Information supplied:
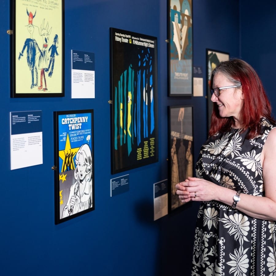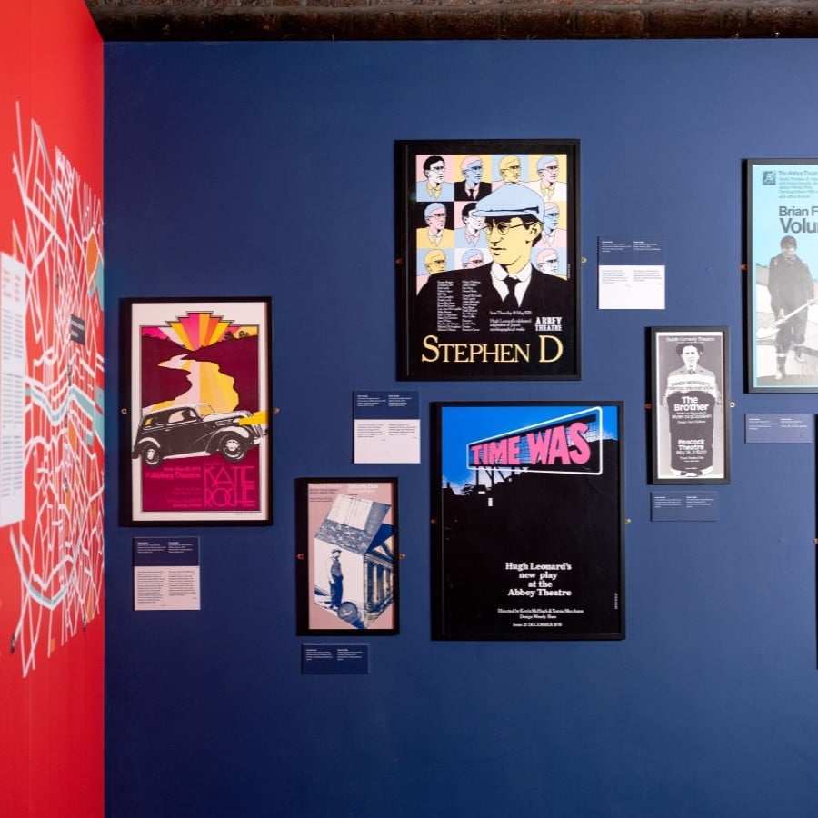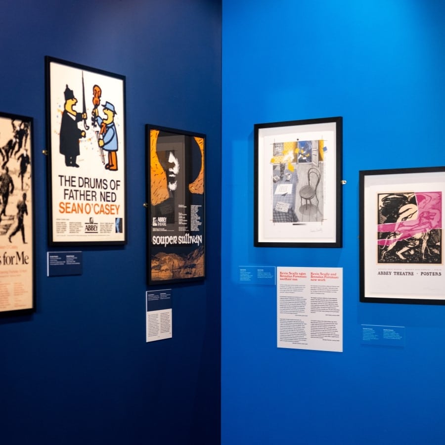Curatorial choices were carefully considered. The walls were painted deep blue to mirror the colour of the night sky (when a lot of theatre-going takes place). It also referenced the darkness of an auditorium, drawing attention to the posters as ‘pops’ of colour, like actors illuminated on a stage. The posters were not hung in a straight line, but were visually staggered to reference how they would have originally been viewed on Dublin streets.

* * *

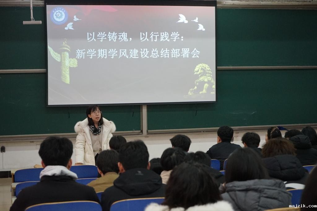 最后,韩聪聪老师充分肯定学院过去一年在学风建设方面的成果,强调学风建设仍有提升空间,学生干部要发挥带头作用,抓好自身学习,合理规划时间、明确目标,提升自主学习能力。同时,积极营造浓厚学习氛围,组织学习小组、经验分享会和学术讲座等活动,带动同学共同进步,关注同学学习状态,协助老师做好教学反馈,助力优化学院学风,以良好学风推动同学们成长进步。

--

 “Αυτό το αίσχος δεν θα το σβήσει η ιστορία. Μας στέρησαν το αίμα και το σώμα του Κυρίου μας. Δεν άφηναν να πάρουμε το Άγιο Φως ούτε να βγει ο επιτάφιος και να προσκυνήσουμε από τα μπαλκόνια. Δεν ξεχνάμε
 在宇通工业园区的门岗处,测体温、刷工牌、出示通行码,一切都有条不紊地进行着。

What is expected: Output the material above exactly, but only from the line that carries "μπαλκόνια. Δεν ξεχνάμε" through the line that carries "在宇通工业园区的门岗处,测体温、刷工牌、出示通行码,一切都有条不紊地进行着。".

Reply to the task:
 “Αυτό το αίσχος δεν θα το σβήσει η ιστορία. Μας στέρησαν το αίμα και το σώμα του Κυρίου μας. Δεν άφηναν να πάρουμε το Άγιο Φως ούτε να βγει ο επιτάφιος και να προσκυνήσουμε από τα μπαλκόνια. Δεν ξεχνάμε
 在宇通工业园区的门岗处,测体温、刷工牌、出示通行码,一切都有条不紊地进行着。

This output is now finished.